Partner museums host our exhibitions

27 November 2024

On the occasion of Holodomor Remembrance Day, our museum’s exhibitions opened in partner institutions across several regions of Ukraine.

Thus, on November 22, the Vinnytsia Regional Museum of Local Lore opened the exhibition “Holodomor: Soviet Genocide of Ukrainians”. “Vinnytsia, like the whole of Ukraine in 1932-1933, suffered enormous losses. Entire families died out, streets and villages disappeared from the map, an irreparable blow was dealt to mentality and culture, the connection between generations was broken, and the principal human right – the right to life – was destroyed! – says the official Facebook page of the museum. – At a time when the Russian Federation is again committing the crime of genocide, making another attempt to subjugate the Ukrainian people, researching the history of the Holodomor genocide and spreading the truth is more crucial than ever. Only together will we be able to reconstruct history, learn and tell the truth in order to protect our future from repeating the past crime.” The exhibition will run until December 22.

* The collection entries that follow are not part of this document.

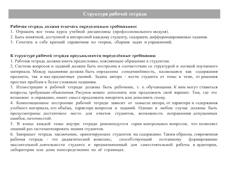 К структуре рабочей тетради предъявляются определённые требования: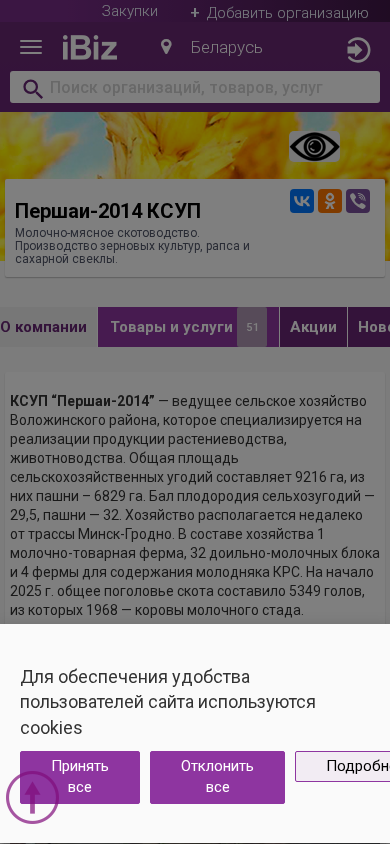 | AI-анализ | language: ru This online resource is dedicated to KSUP (Agricultural Production Cooperative) "PershaI-2014" located in Vоложиnский district, Belarus. The cooperative specializes in the production and sale of agricultural products, including crops and livestock. The total area of agricultural land covers 9,216 hectares, with 6,829 hectares allocated for farming. The farm is situated near the Minsk-Grodno highway and comprises one dairy farm, 32 dairy blocks, and 4 rearing farms for young cattle. As of early 2025, the herd consisted of 5,349 head of livestock, with 1,968 being milk-producing cows. PershaI-2014 produces and sells various crops |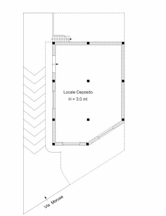 Tale soluzione, con una metratura totale di 425 mq, si sviluppa su due livelli ed è composto al piano terra da un ampio ed unico vano, tre ripostigli e bagno.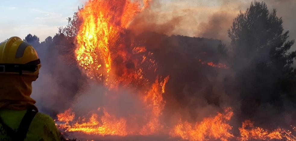 El incendio declarado el lunes entre Llutxent y Pinet, en la comarca de la Vall d’Albaida, sigue activo y sin control.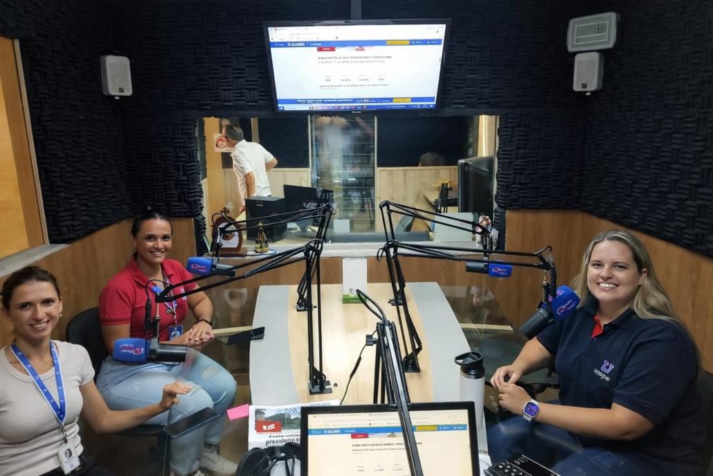 Na edição deste sábado, 17 de janeiro de 2026, do Jornal Operação Cidade, a Prof.ª Dra. Mariana Fordellone Rosa Cruz, diretora do campus da Unopar/Anhanguera de Bandeirantes, a coordenadora do curso de Psicologia, Flávia Penha Jacobsen Batista, e a coordenadora comercial, Priscilla Barussi, apresentaram as principais ações, serviços e novidades da instituição para o ano letivo de 2026.

The exhibition “Holodomor: Soviet Genocide of Ukrainians” also opened on November 22 at the Odesa Museum of History and Local Lore. The opening of the exhibition spoke:
Yaroslava Riznikova, Deputy Director of the Department of Culture, Nationalities, Religions and Protection of Cultural Heritage Sites of the Odesa Regional State Administration;
Natalia Dzyubenko-Mace, writer, publicist, member of the National Writers’ Union of Ukraine and the Council of the All-Ukrainian Association of Researchers of the Holodomor-Genocide of Ukraine;
Uliana Hromovych, Chief Specialist of the First Interregional Territorial Department of the Ukrainian Institute of National Remembrance;
Mykola Storozhuk, representative of the NGO “Veterans HUB Odesa”, Taras Honcharuk, Doctor of Historical Sciences, Lecturer at the Faculty of History and Philosophy of the Odesa Mechnikov National University. The participants of the event were Serhii Veherchuk, director of Odessa Lyceum No. 2, students of the Odessa Naval Lyceum, museum employees, and representatives of the local history community,” the museum’s Facebook page states.

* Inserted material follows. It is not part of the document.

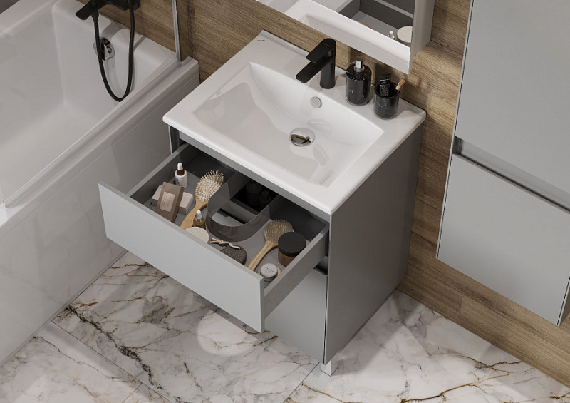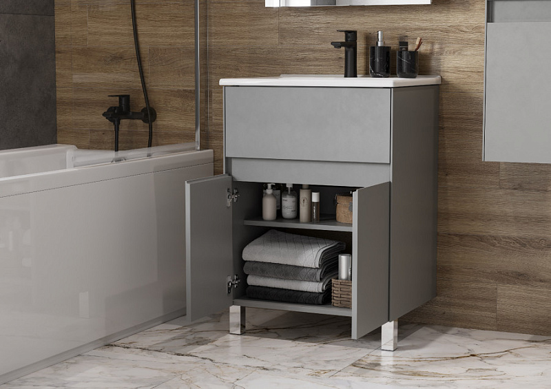 —Тумба под раковину Aquaton Форест 60 см, универсальный монтаж, туманный серый (1A278201FR4D0)

The exhibitions “The Uncondemned Genocide of Ukrainians Repeats” and “Holodomor: Soviet Genocides of Ukrainians” opened at the Novovolynsk Historical Museum on November 23. “Over 90 years ago, Ukraine experienced one of the most tragic pages in its history — the Holodomor. Then Russia tried to destroy Ukrainianness itself, our way of life and the meaning of the existence of an entire people. However, the criminal regime was not punished, which turned it into the ground for a new wave of Russian genocide against Ukrainians,” the museum’s Facebook page states. “The exhibition narrates unpunished evil that has returned today to complete what started nearly a hundred years ago. It is about the history of destructive Ukrainian-Russian relations and tells about their causes, consequences and ways to finally defeat this evil.”